But there’s another connection and that has to do with the pleasure of doing the work.  I can’t speak for Matisse, though he must have enjoyed the freedom of those wild colors in his Fauve years. (“Fauve” means wild beast.)

I’ll speak for myself and the materials I used.  This drawing is done on mat board, specifically 4-ply museum grade mat board.  Now, mat board is not intended to be drawn on; it lacks fiber and sizing.  I think of it as compressed lint.  But, oh, it is luxurious to draw on, if you give it a thin coat of clear acrylic gel. This seals the natural ragediness of the mat board, making it friendlier to the friction of the pencil.  The pencil I used here is the Stabilo-Aquarellable (see post 4.19.11) which loves the mat boards cushy surface.  It sinks in at the slightest pressure, produces a rich velvety line and deposits lots of black stuff for later washes.

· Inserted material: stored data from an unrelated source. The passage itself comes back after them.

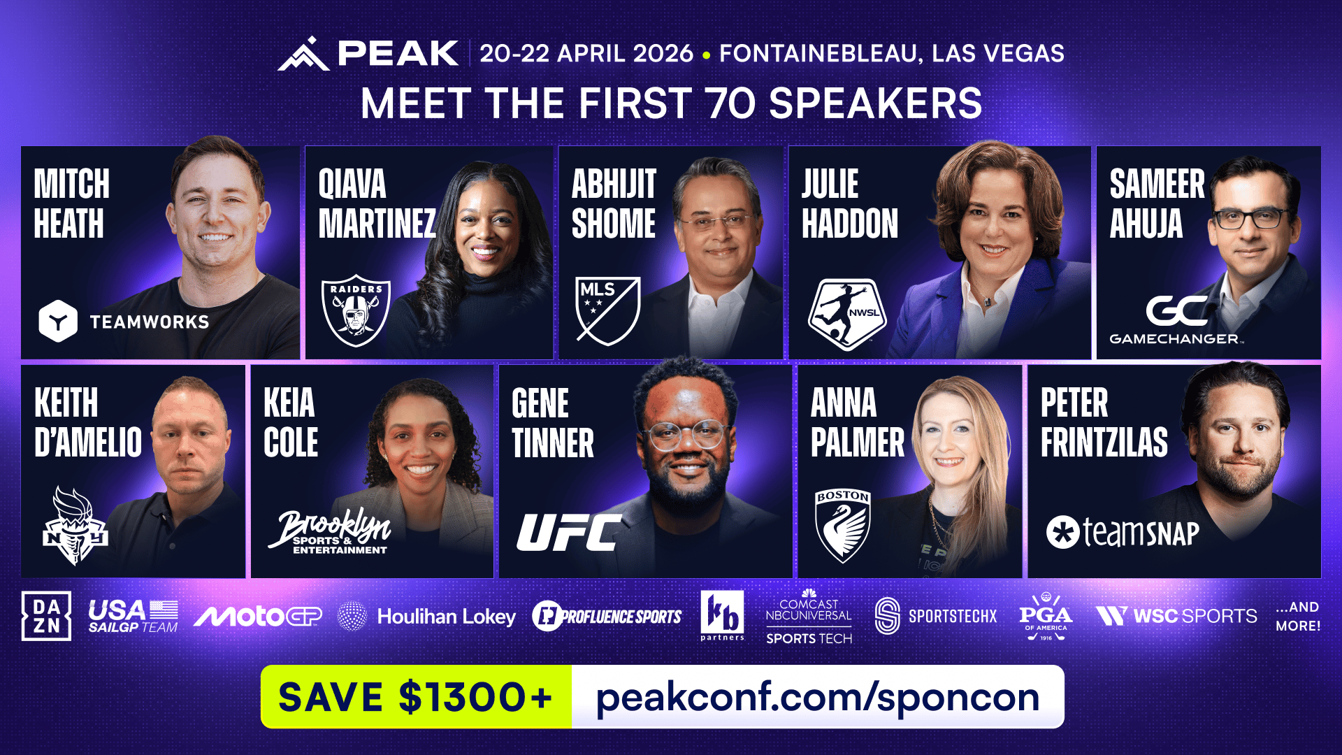 PEAK brings together 1,000+ sports executives, founders, and investors shaping the future of sport. Leaders from the Raiders, UFC, MLS, WTA, and more will be there alongside 100+ SportsTech companies, including NBA Launchpad startups, Hudl, Lenovo, TeamSnap, Pixellot, and others.
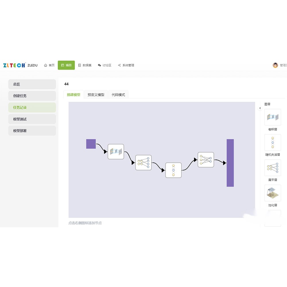 智龍可視化算法平臺可實(shí)現(xiàn)數(shù)據(jù)采集、數(shù)據(jù)清洗、數(shù)據(jù)標(biāo)注、模型設(shè)計(jì)、模型訓(xùn)練、模型部署等全流程的交互式、可視化操作。采用BS架構(gòu),用戶通過瀏覽器即可進(jìn)行人工智能學(xué)習(xí)。
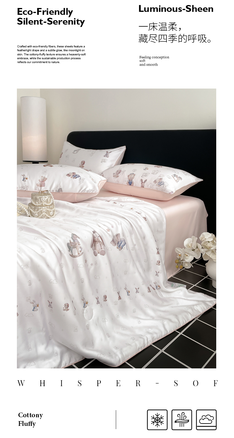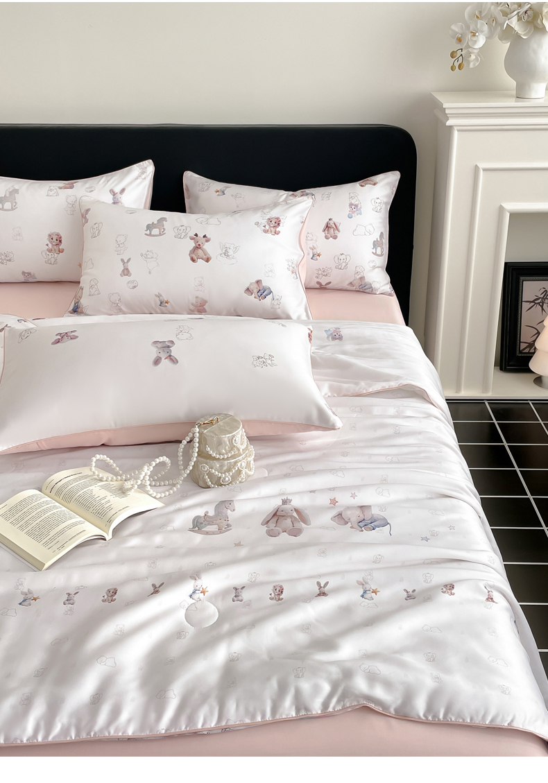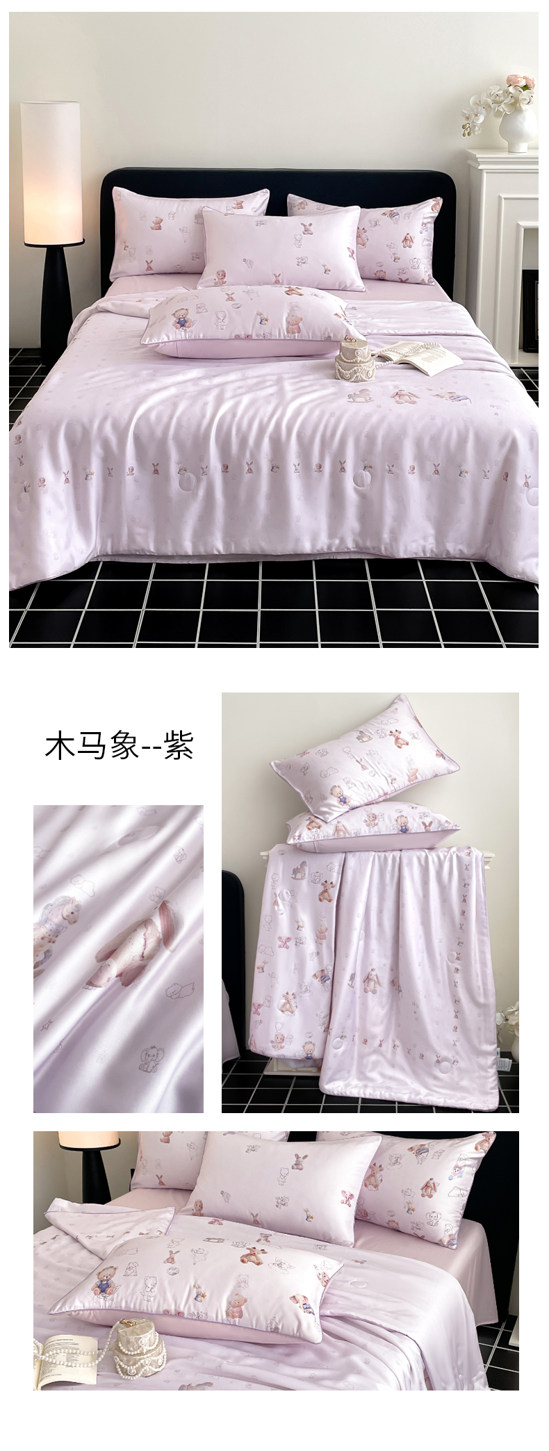 (总)慕晨 2026新款莱赛尔数码印高级简奢卡通大版印花丝滑夏被四件套,三只熊--兰,斑马--米白,蝶舞,木马象--米白,木马象--紫,三只熊--米白

When I’m preaching the importance of pleasure in drawing I’m perhaps a bit reactionary, in the sense that our contemporary art tends to the conceptual, the constructed, the engineered, the ironic, the alienated.  That’s fine, I love having my brain tickled.  But the artist’s rapport with the materials themselves has been suppressed, possibly even lost.  You can be sure that the original modernists, like Picasso and Matisse, loved their paints and their charcoal, their brushes and papers, their glops of paint and their drips.  They loved the mess and the physicality.

So, here’s the moral of the story: Draw on any surface that feels good.  I don’t mean your neighbor’s garage door, but neither do I mean to say that the paper or canvas has to come from a sanctified art supply store.   Experiment with supports!  Ditto pencil, pens, markers, brushes, sticks.  Take time to muck about with the materials and find something that—to you– feels like “luxe, calme et volupté.”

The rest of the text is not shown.